_TASK TO COMPLETE_. Repeat exactly the stretch of lines that starts with the one containing "In der gut ausgestatteten" and ends with the last line of the material. Leave out pictures.

_SUPPLIED MATERIAL_.
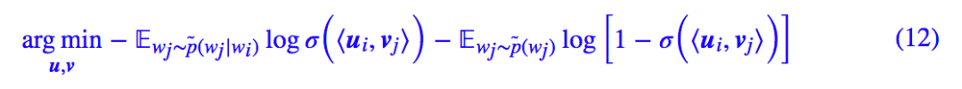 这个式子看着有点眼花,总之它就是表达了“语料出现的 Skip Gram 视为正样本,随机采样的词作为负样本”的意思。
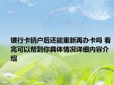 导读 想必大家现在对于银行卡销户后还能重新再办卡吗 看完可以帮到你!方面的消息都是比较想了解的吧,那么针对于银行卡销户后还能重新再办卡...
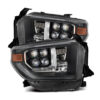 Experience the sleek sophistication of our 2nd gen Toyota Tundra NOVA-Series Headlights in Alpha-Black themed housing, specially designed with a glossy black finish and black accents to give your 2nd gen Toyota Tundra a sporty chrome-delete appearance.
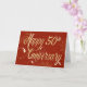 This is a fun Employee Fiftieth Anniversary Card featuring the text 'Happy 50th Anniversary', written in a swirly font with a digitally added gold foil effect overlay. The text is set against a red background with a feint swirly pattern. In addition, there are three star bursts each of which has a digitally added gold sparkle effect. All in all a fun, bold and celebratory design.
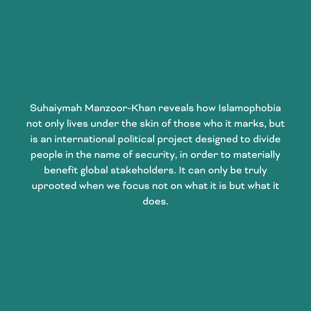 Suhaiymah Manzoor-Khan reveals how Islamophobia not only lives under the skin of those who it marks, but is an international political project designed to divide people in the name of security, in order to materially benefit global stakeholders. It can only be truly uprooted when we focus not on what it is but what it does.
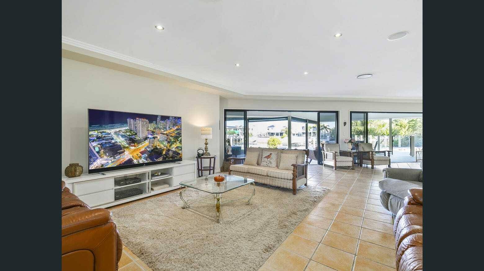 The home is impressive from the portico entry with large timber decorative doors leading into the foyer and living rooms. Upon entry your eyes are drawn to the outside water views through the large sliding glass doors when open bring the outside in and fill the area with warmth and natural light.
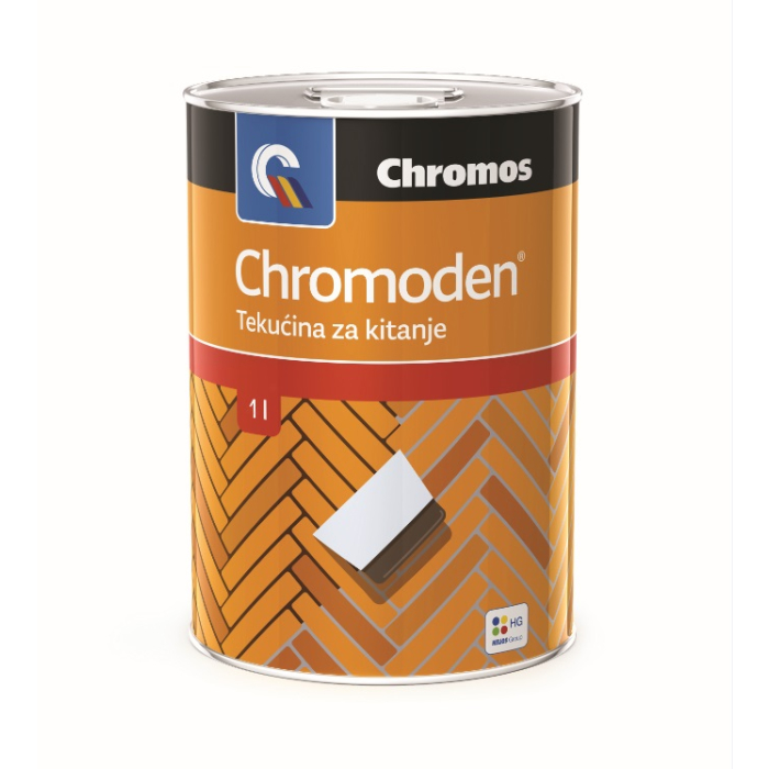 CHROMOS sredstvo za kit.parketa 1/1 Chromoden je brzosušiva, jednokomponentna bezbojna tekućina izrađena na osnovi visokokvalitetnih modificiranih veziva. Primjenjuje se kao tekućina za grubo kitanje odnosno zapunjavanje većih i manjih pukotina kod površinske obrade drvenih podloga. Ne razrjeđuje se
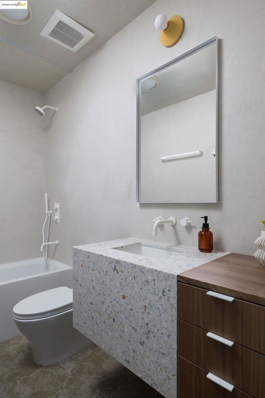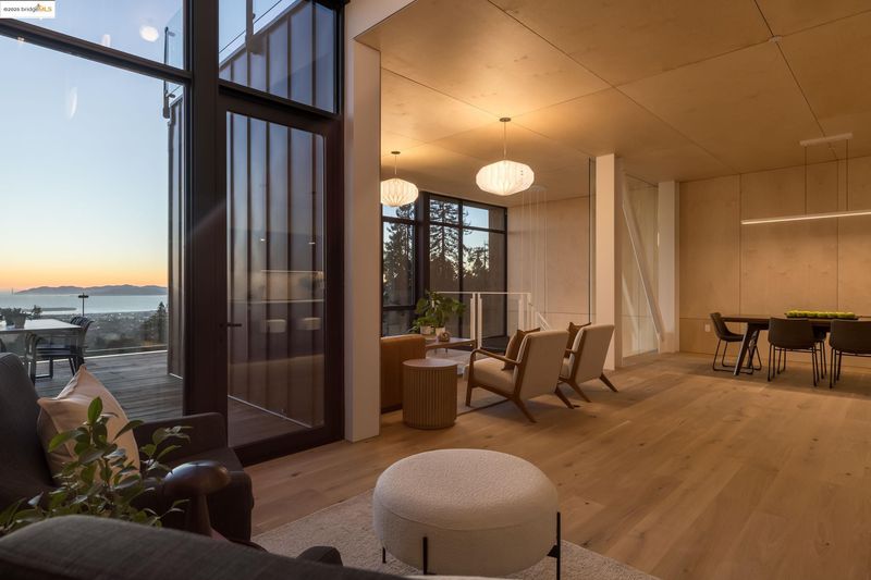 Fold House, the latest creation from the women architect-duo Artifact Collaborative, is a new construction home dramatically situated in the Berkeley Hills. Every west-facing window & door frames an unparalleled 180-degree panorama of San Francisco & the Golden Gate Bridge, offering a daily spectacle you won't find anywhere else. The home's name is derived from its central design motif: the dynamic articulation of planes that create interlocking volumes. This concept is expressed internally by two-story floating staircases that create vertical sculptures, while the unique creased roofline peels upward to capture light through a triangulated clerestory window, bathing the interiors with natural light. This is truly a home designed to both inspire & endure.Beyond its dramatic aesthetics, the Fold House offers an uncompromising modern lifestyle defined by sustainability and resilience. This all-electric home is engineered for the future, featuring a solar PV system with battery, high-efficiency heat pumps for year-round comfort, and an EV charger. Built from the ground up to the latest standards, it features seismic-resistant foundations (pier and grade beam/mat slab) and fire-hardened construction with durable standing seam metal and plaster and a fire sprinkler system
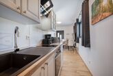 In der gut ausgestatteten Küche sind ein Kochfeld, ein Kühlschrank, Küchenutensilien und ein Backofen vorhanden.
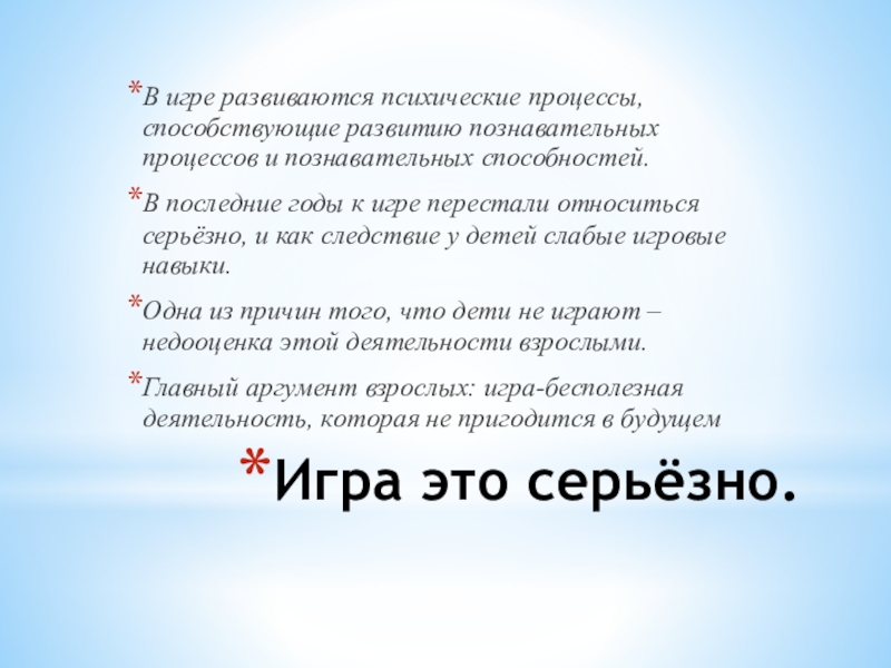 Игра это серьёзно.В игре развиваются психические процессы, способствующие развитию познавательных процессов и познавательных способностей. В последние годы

_SOLUTION TO THIS TASK_.
 In der gut ausgestatteten Küche sind ein Kochfeld, ein Kühlschrank, Küchenutensilien und ein Backofen vorhanden.
 Игра это серьёзно.В игре развиваются психические процессы, способствующие развитию познавательных процессов и познавательных способностей. В последние годы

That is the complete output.